Here’s a question worth sitting with for a moment.
A cycling club has ten members. Nine of them earn €35,000 per year. One of them – a tech entrepreneur who also rides – earns €2,000,000 per year. What’s the average income of the club?
The mean average is €213,500. Which tells you almost nothing useful about the financial reality of the nine people who actually make up the character of that club. It’s technically correct and practically misleading – a number that exists nowhere in the actual data.
This is the central problem with summary statistics: they compress a rich, complex distribution of values into a single number, and that compression always loses information. Sometimes it loses critical information. The question is whether you know enough to recognize when the summary is telling you something real and when it’s leading you astray.
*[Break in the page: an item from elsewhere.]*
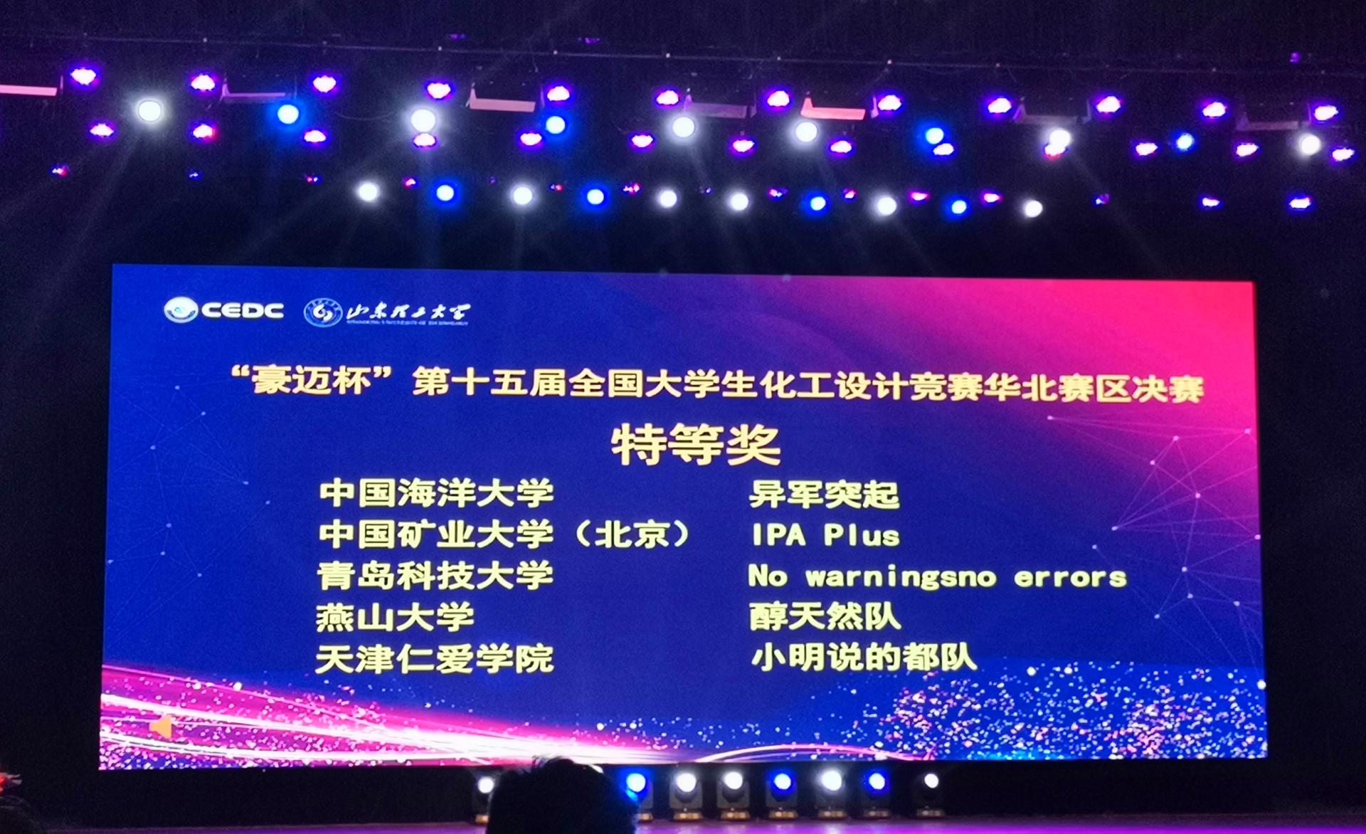 7月31日-8月1日,由教育部高等学校化学工程与工艺专业教学指导分委员会、中国化工学会、中国化工教育协会主办的第十五届全国大学生化工设计竞赛华北赛区决赛在山东理工大学举行。771771威尼斯cm大全化学工程与工艺2018级学生孙瑞、孙萌娅、迟淑秀、李宁宁、刘新春组成的“No warnings, no errors”团队从73支参赛队伍中脱颖而出,获得华北赛区特等奖,并晋级全国总决赛。2018级学生栾传宝、顾兴龙、赵 灿、李克旭、徐珍同学组成的“V Smile”团队获得华北赛区一等奖。771771威尼斯cm大全参赛队伍由化工学院党委副书记孙明媚带队,孙晓岩、夏力、田文德、王传兴、陈秋阳等担任指导老师。
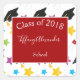 A great graduation themed sticker this design features a lovely background with black caps bright yellow, blue, purple and green stars and diplomas on a white background. In the centre is a red text box with your year, name, and school displayed in white text. Add text if you choose. Personalise your graduation stickers today!

Mean, median, and distribution are the three foundational tools for answering that question. They’re also three of the most misused concepts in everyday data analysis – not because they’re complicated, but because they’re rarely explained in terms of what they actually reveal and when each one breaks down.
This article fixes that.

What a Distribution Actually Is
Before mean or median make sense, you need a clear mental model of what they’re summarizing.
A distribution is simply the full picture of how values are spread across a dataset. Not a single number – the entire landscape of values, from the smallest to the largest, including how frequently each range of values appears.
Think of it this way: if you recorded the duration of every cycling ride a person completed over a year, you’d have a collection of numbers. Some rides are short – 20 minutes. Some are medium – 60 to 90 minutes. Some are long – 3 hours plus. A few are outliers in both directions.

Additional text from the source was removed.